• What is required: Each line, starting at the one with "The Mighty Writer" and running to the end of the data below, is to be set down again exactly, both ends included; leave pictures out.

Stored records:
BEGIN
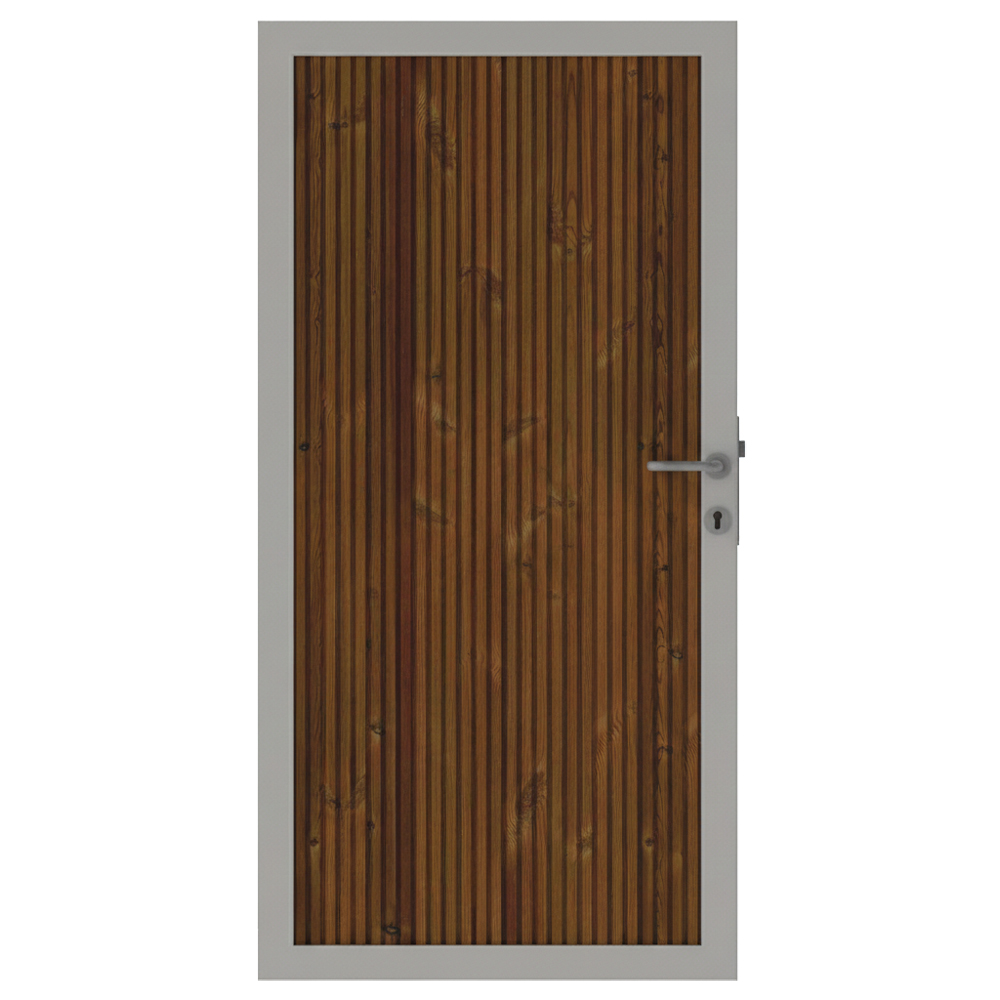 Das Osmo Trio Thermoholz Kiefer Einzeltor Sondermaß besteht aus thermisch behandeltem Kiefernholz in Kombination mit einem robusten Aluminium-Rahmen. Das thermisch behandelte Nadelholz sorgt für eine verbesserte Formstabilität und hohe Beständigkeit gegen Witterungseinflüsse. Die Füllung aus formschönen Lamellen verleiht dem Tor eine moderne, elegante Optik und trägt gleichzeitig zur Privatsphäre bei.
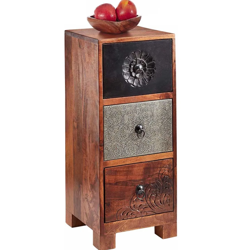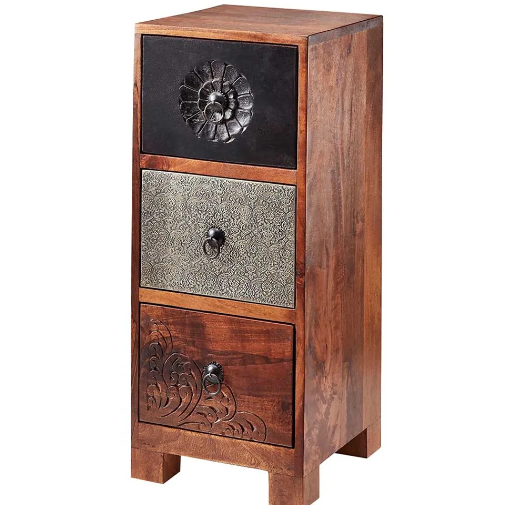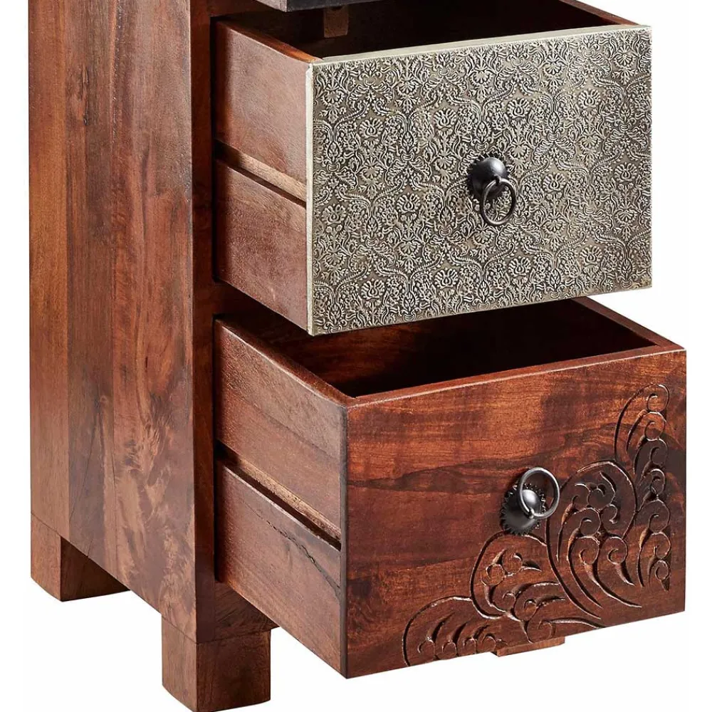- Trendige Schubladenkommode in Akaziefarben, Grau und Braun
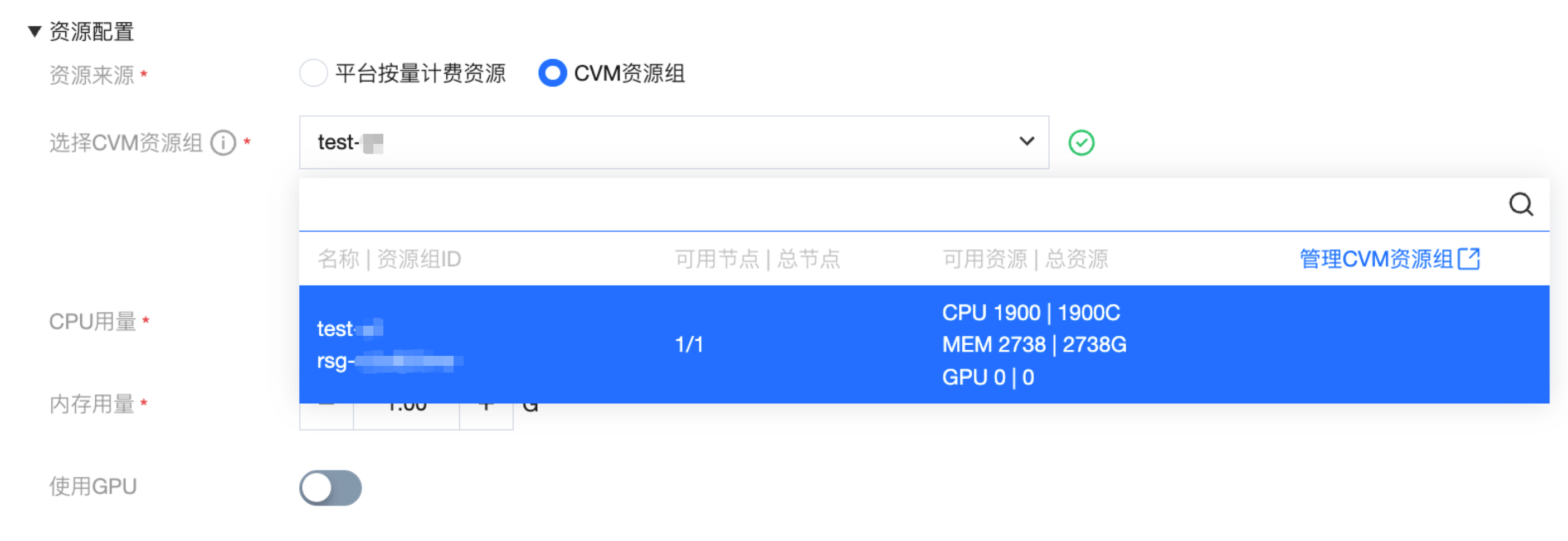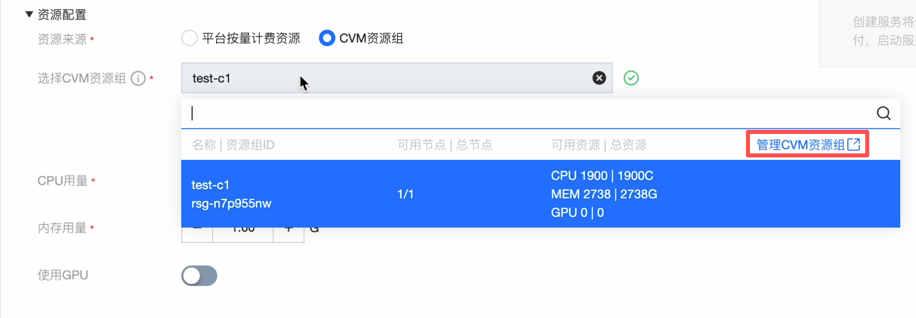 我们在部署模型服务时,需要配置资源来源,选择 CVM 资源组下拉列表会展示当前项目的可用资源组,可以自由配置 CPU 和内存的用量,是否使用 GPU 开关。
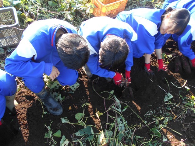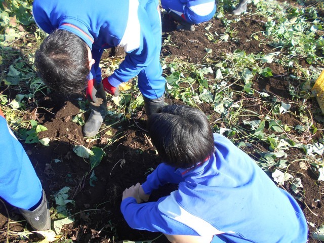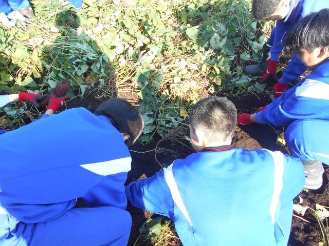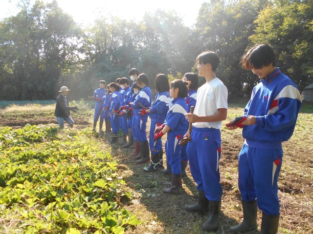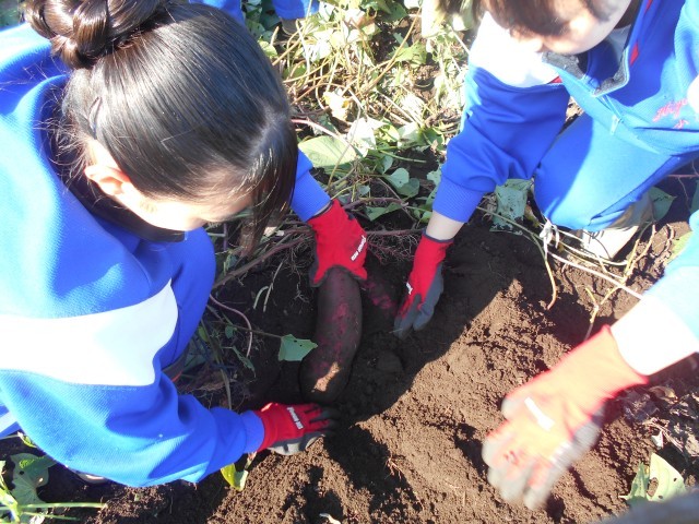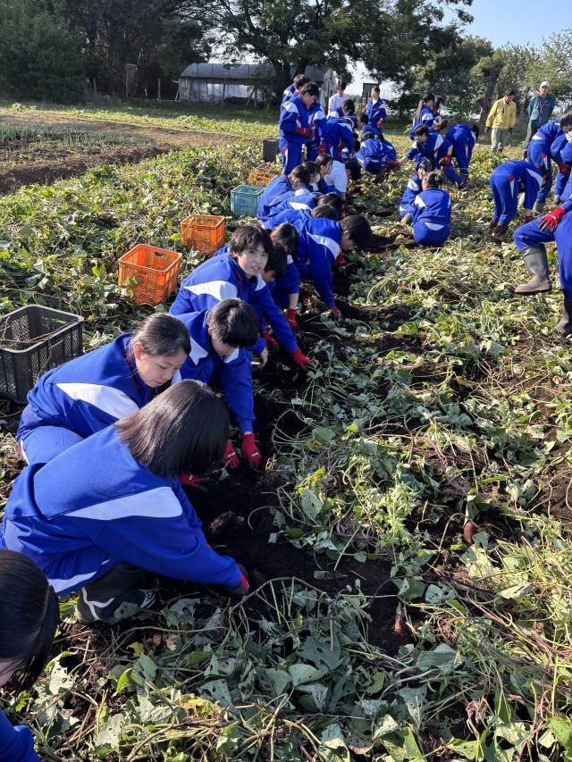 本日5,6校時で農業体験を行いました。地域の農場に行き、サツマイモの収穫を手伝いました。大きなサツマイモをたくさん掘り出し、約350gもの量を収穫しました。
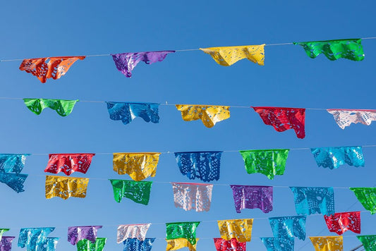 Todos Santos- Baja California Sur- Mexico. Festive colorful banners over a street. Black Ornate Wood Framed Art Print with Double Matting by Wilson, Emily M.
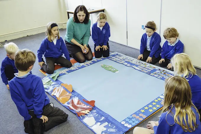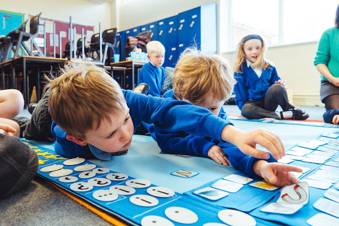 The Mighty Writer set is centred around a large mat, that can either be laid on the floor, or hung on the wall, making it easy for children to gather around and use as a group.
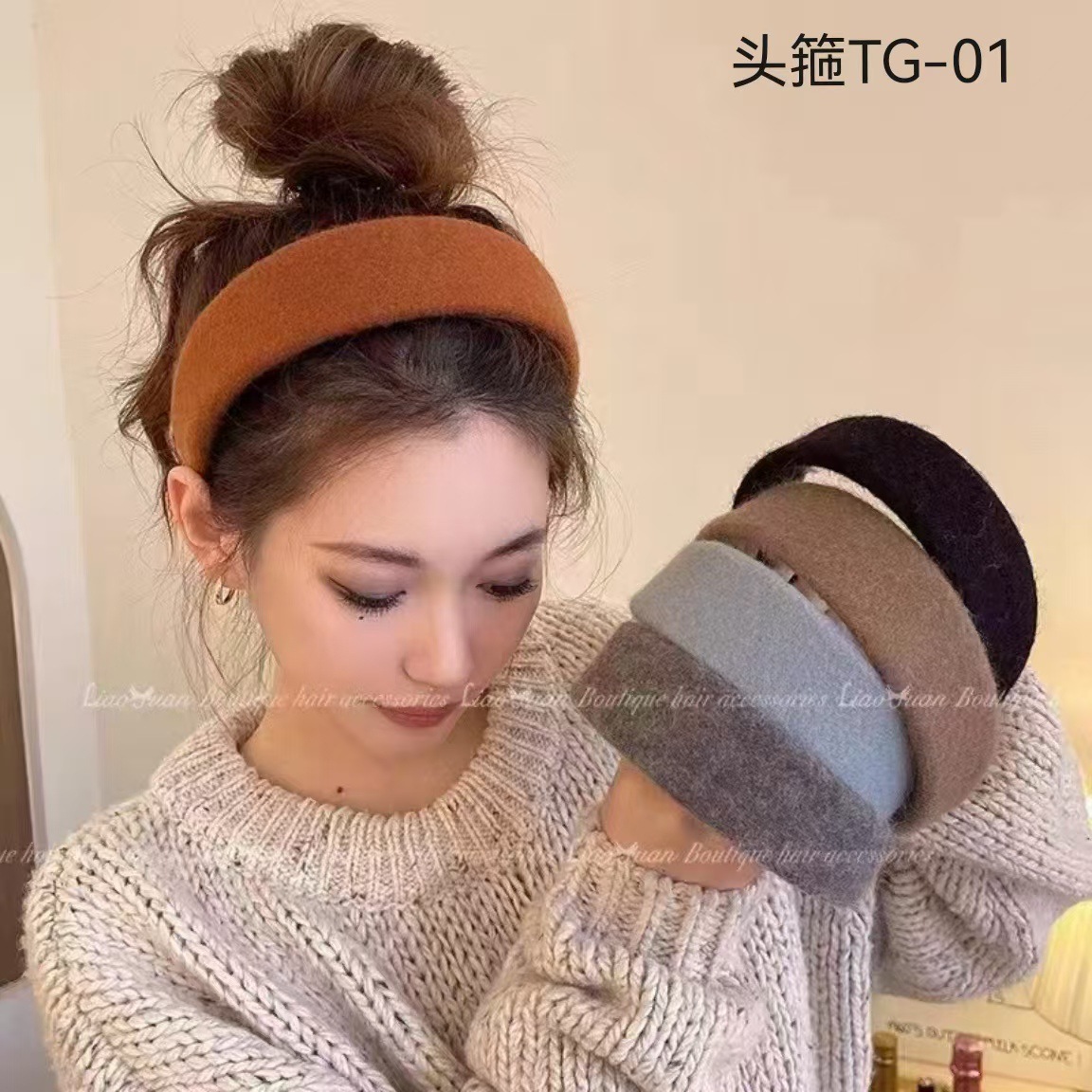 スタイル メイラードスタイル,ソリッドカラーのウールヘッドバンド
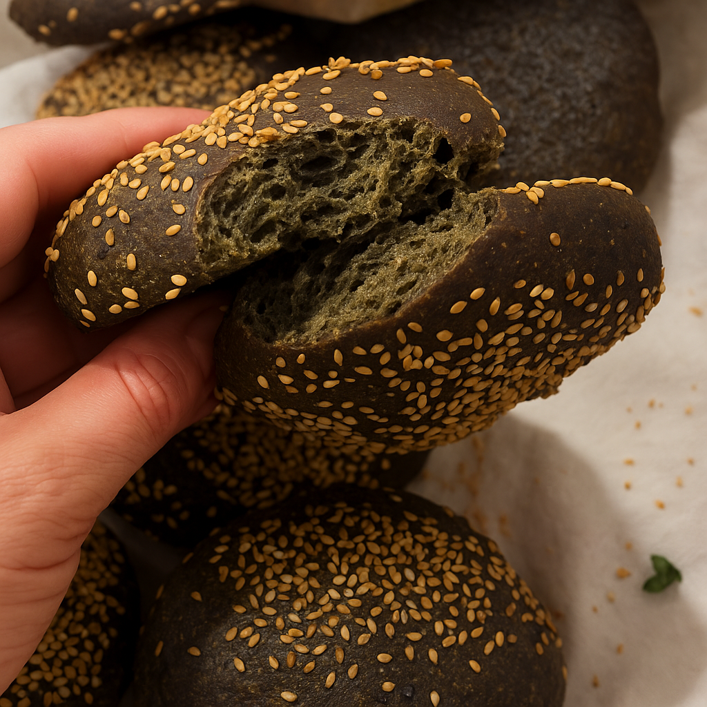 Selvom farven er grøn, så er smagen mild og nøddeagtig med et hint af umami fra brændenælden og sort sesam. Og så er de nok verdens letteste boller at lave.
END
• Solution:
 The Mighty Writer set is centred around a large mat, that can either be laid on the floor, or hung on the wall, making it easy for children to gather around and use as a group.
 スタイル メイラードスタイル,ソリッドカラーのウールヘッドバンド
 Selvom farven er grøn, så er smagen mild og nøddeagtig med et hint af umami fra brændenælden og sort sesam. Og så er de nok verdens letteste boller at lave.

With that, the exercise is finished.